Confocal Ca²⁺ imaging

Isolated smooth muscle cells were incubated in solution A containing fluo-4 AM (10 μM) for 20 min at room temperature, followed by a 30-min wash to allow indicator deesterification. Smooth muscle cells were imaged with the use of a Noran Oz laser scanning confocal microscope (Noran Instruments, Middleton, WI) and a ×60 water immersion objective (1.2 numerical aperture) attached to a Nikon TE300 microscope. Fluo-4 was excited by using the 488 nm line of a krypton-argon laser, and emitted light >500 nm was captured. Images (56.3 × 52.8 μm) were recorded every 8.3 ms (120 images/s). The laser intensity used did not alter transient K_Ca current frequency or amplitude. Current and fluorescence measurements were synchronized by using a light-emitting diode placed above the recording chamber that was triggered during acquisition. Each cell was imaged for 15 s. Ca²⁺ sparks in smooth muscle cells were analyzed with the use of software kindly provided by Dr. M. T. Nelson (University of Vermont). Detection of Ca²⁺ sparks was performed by dividing an area 1.54 μm (7 pixels) × 1.54 μm (7 pixels) (i.e., 2.37 μm²) in each image (F) by a baseline (F₀) that was determined by averaging 10 images without Ca²⁺ spark activity. The entire area of each image was analyzed to detect Ca²⁺ sparks. A Ca²⁺ spark was defined as a local increase in F/F₀ that was >1.2.

Fura-2 imaging

Cerebral arteries were incubated with the ratio-metric fluorescent Ca²⁺ indicator fura-2 AM (5 μM) and 0.05% pluronic F-127 for 20 min, followed by a 15-min wash. All experiments were performed using solution B (composition described in Patch-clamp electrophysiology). Fura-2 was alternately excited at 340 or 380 nm using a PC-driven hyperswitch (Ionoptix, Milton, MA). Background corrected ratios were collected every 1 s at 510 nm using a photomultiplier tube (Ionoptix). SR Ca²⁺ load ([Ca²⁺]_SR) was estimated by rapidly applying a high concentration of caffeine (10 mM), an RyR channel activator, and measuring the amplitude of [Ca²⁺]_i transients (i.e., Δ[Ca²⁺]_i). Intracellular Ca²⁺ concentrations were calculated by using the following equation (12):

$$[{\mathrm{Ca}}^{2+}{]}_{\mathrm{i}}=K_{\mathrm{d}}\frac{(\mathrm{R}-{\mathrm{R}}_{\min })}{({\mathrm{R}}_{\max }-\mathrm{R})}\cdot \frac{\left({\mathrm{S}}_{\mathrm{f}2}\right)}{\left({\mathrm{S}}_{\mathrm{b}2}\right)}$$

where R is the 340/380 nm ratio; R_min and R_max are the minimum and maximum ratios determined in Ca²⁺-free and saturating Ca²⁺ solutions, respectively, S_f2/S_b2 is the ratio of Ca²⁺-free to Ca²⁺-replete emissions at 380 nm excitation, and K_d is the dissociation constant for fura-2 (282 nM) (19). R_min, R_max, S_f2, and S_b2 were determined at the end of experiments and in separate experiments by increasing the Ca²⁺ permeability of smooth muscle cells with ionomycin (10 μM) and by perfusing cells with a high-Ca²⁺ (10 mM) or Ca²⁺-free (no added Ca²⁺, 5 mM EGTA) solution.

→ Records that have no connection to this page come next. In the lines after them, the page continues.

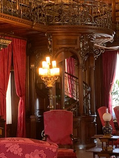 First, of course is the library which was Mr. Vanderbilt’s favorite room as well. He loved to read and had books of many languages in his collection. The staircase that my great-great- great- grandfather we believe may have had a hand in making is located there as well. It is delicately carved and leads up to the second level of the library. We just gazed at the beauty of this amazing woodwork.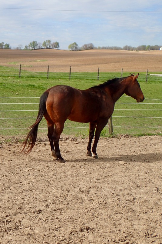 Iris and Rose are back out in their pasture. There’ll soon be plenty of grass to eat instead of (and in addition to) hay. You can see the green is coming: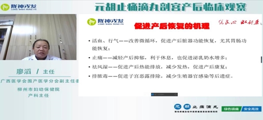 線上交流會第二場邀請到廣西醫(yī)學(xué)會圍產(chǎn)醫(yī)學(xué)分會副主任委員、柳州市婦幼保健院產(chǎn)科主任廖滔教授主講《元胡止痛滴丸剖宮產(chǎn)后臨床觀察》,廖滔主任從病理生理過程講解產(chǎn)后疼痛的特點(diǎn)、從病理生理進(jìn)行藥物分析,從止痛的機(jī)理講解元胡止痛滴丸促進(jìn)產(chǎn)后恢復(fù)的優(yōu)勢,最后從臨床實(shí)例分享元胡止痛滴丸使用的效果。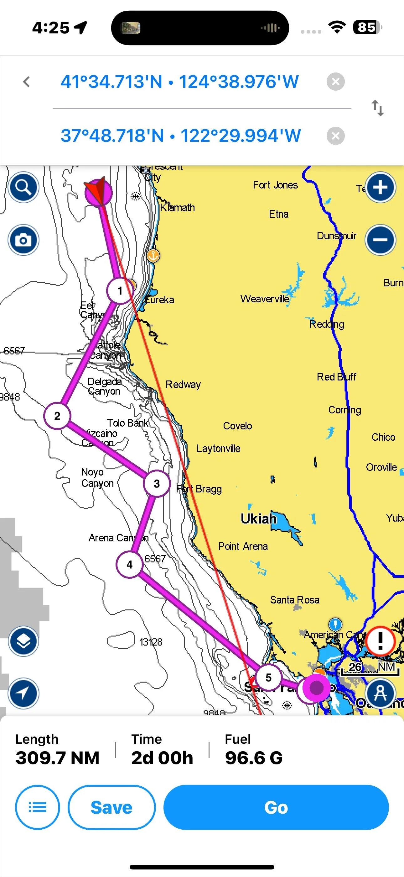 Looks like 20 plus NNW by midnight for rounding Cape Mendocino. Headed straight for Eureka to set up the broad reach out and be ready for the 25 knots there, but nothing but rolling so far.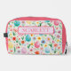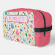 Beautiful pastel colored Easter eggs and Spring flowers are scattered about in a whimsical pattern on the front and back of this toiletry bag. A banner at the top has an easy to use template for you to put your name on the bag. The sides and top of the bag are in a coordinating dark pink. This pretty bag is perfect for makeup or toiletries for an overnight trip.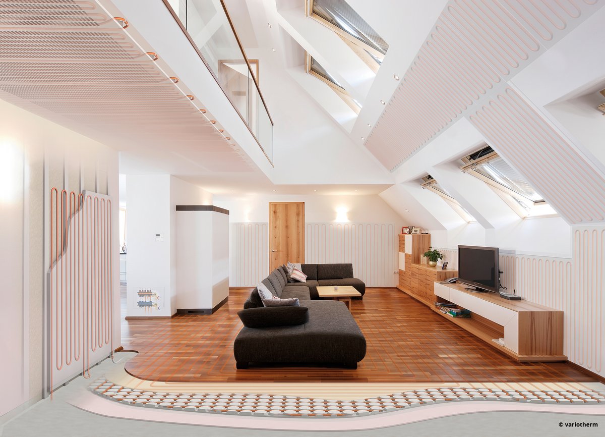 The VARIOTHERM system is a water based cooling system that can be installed in your floor (below tiles or other surfaces), as a suspended ceiling and as walls. Cold water is circulating through the specially developed multi composite pipes and cools the surroundings. Thus a cool clima is equally archived in every room. The system is completely silent, not visible and does not create areas of discomfort as AC units do. Thus it creates not only a cooling effect, but also enhances the comfort by reducing the noice related stress level. It will improve the quality of your daily life as well as your sleep.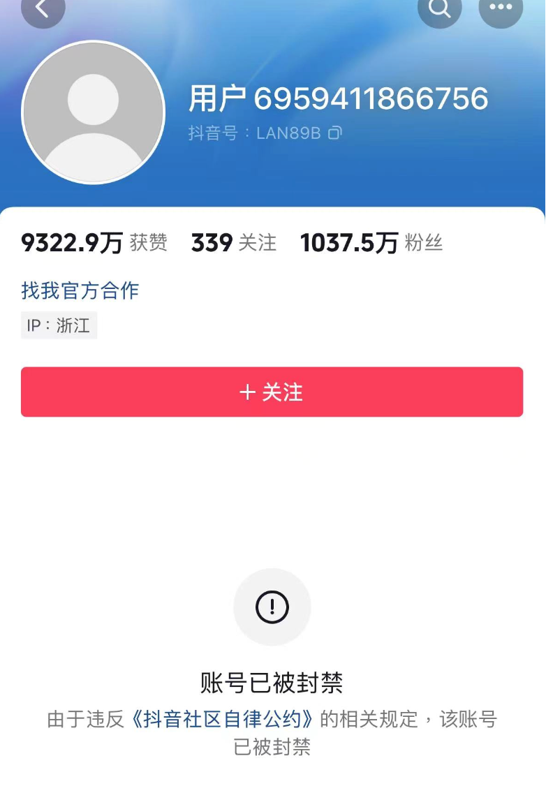 现在,“大蓝”原账号首页显示:“由于违反了《抖音社区自律公约》的有关规定,该账号已经被封禁。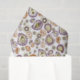 Zinnias y paisajes dibujados a mano y con un diseño esquemático y colorido en púrpura, naranja, amarillo y verde. Hechos divertidos: Los zinnias blancos son un símbolo de fidelidad, amarillos para la conmemoración. Según se informa, el patrón de Paisley tiene sus orígenes como símbolo zoroastriano de la vida y la eternidad y ha estado en uso continuo desde alrededor de 224 CE a 651 CE.

Measurement of cellular dimensions

Isolated smooth muscle cells were allowed to settle on a glass coverslip in a chamber with Ca²⁺-free, HEPES-containing patch-clamp bath solution (composition described in Patch-clamp electrophysiology). Cell images were acquired with the use of a Zeiss LSM5 confocal microscope. Cell length and width were calculated using Pascal software (Zeiss).

Statistics

Values are expressed as means ± SE. Student's t-test and Student-Newman-Keuls test were used for comparing paired or unpaired data and multiple data sets, respectively. Simultaneous Ca²⁺ spark and transient K_Ca current amplitude data were fit with a linear regression function, and the slope ± SE of each fit was compared using Student's t-test and Graphpad Prizm (San Diego, CA). P < 0.05 was considered significant.

RESULTS

Caveolae are absent in cerebral artery smooth muscle cells of cav-1^−/− mice

Electron microscopy revealed that abundant caveolae were present in the sarcolemma of smooth muscle cells of small-diameter (∼150 μm) cerebral arteries of cav-1^+/+ mice (Fig. 1, A and B). In contrast, caveolae were not observed in cerebral artery smooth muscle cells of cav-1^−/− mice (Fig. 1, C and D). These data indicate that cav-1 is necessary for caveolae formation in smooth muscle cells of small cerebral arteries.

Fig. 1.

Genetic ablation of caveolin-1 (cav-1) abolishes caveolae in cerebral artery smooth muscle cells. A: electron micrograph illustrates sarcolemma of smooth muscle cell in cerebral artery from cav-1^+/+ mouse. Abundant caveolae are present within sarcolemma. B: magnification of area illustrated by black box in A showing caveolae. C: caveolae were absent in sarcolemma of cav-1^−/− cerebral artery smooth muscle cells. D: magnification of area highlighted by black box in C.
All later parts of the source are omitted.